独居老人、夕食は1人 2015年10月16日
高齢者対象「食生活と食意識に関する調査」アンケート
(株)日本能率協会総合研究所は60~79歳の高齢者を対象に「食生活と食意識に関する調査」を行い、10月15日に公表した。
同アンケートは高齢者の食生活の実態と意識を明らかにすることがねらいで、調査対象の高齢者を生活環境別で▽夫婦のみ、▽こども家族と同居、▽一人暮らしの3つに分けて聴取した。また比較対象のため同じ内容のアンケートを、一人暮らしをしている20代の男女にも行った。
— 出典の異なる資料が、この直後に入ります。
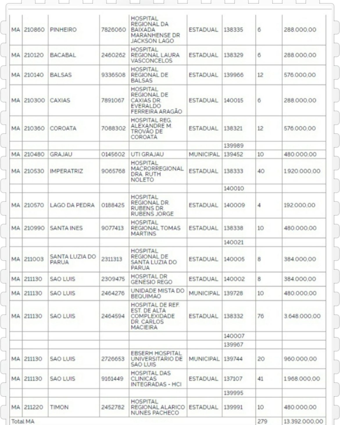O Ministério da Saúde confirmou liberou nesta sexta-feira, 19, mais R$ 13.392 milhões para o Maranhão. O recurso é para ser usado no custeio de 279 novos leitos de Unidades de Terapia Intensiva (UTI), para atendimento exclusivo de pacientes com Covid-19, em municípios maranhenses.

また調査対象の就労状況は、以下のグラフの通りとなっており、今回の調査対象の高齢者のうち3割はパートなどを含めて働いている環境にある。
【就労状況】
◆1人で惣菜食べる高齢者 食事の時間もまちまち
【自宅で夕食を一緒に食べる人】
自宅での食生活について上図のように、一人暮らしの高齢者は1人で夕食を食べる割合が最も高かった。
一人暮らしの高齢者は同居人のいる高齢者に比べ、同じメニューが続く割合が約2倍と高い。ほかにも1日3食食べる割合や、決まった時間帯に食事をとる習慣も減っていることが分かった。
1週間に自宅で手料理を食べる回数に関しては、同居人のいる高齢者の9割が「週に10回以上」と答えたのに対し、一人暮らしの高齢者は7割に留まった。その裏付けをするように、惣菜や弁当の「週に2回以上」の利用は下図のように、一人暮らしの高齢者が同居人のいる高齢者に比べ約2倍となった。
【普段の総菜や弁当の利用頻度】
一人暮らしをしている高齢者のうち男性は、コンビニで弁当や総菜を購入する人が4割を超えていることもわかった。
◆「栄養バランスとれていない」一人暮らしする高齢者に自覚
一人暮らしをしている高齢者の半数は、食生活に対し「栄養バランスがとれていない」と自覚していた。
彼らが普段の食生活で不足している栄養素としてタンパク質、食物繊維、鉄分、カリウム、カルシウムなどの声が上がった。これはカリウム以外、20代の一人暮らしが不足していると感じている栄養素と同じだった。なぜ栄養バランスがとれていないと感じるか理由を尋ねると、8割が「一人暮らしだから」と答えた。他の理由として「毎回きちんと料理を作るのが面倒」「いろんなメニューを作るのが面倒」などがあった。
「栄養バランスがとれている」と感じる同居人のいる高齢者は、8割を越えている。不足していると感じる栄養素に関しても、「不足しているものはない」と答えた人がそれぞれ27%と25%で、これは一人暮らしをしている高齢者の回答の13%に対し、おおよそ倍という結果だった。
◆半数の高齢者が、宅配サービスに興味
食材などの「宅配サービス」について、健康な食生活を送るため利用したいと考えている高齢者は約半数いることがわかった。
特に利用したいアイテムは約7割が「牛乳・乳製品」で、次が「野菜・果物」、その他に魚介類などが続いた。「牛乳・乳製品」の回答が大きく占めたことから、彼らが不足していると感じている「カルシウム」などの栄養素を補おうとしている意識がうかがえる結果となった。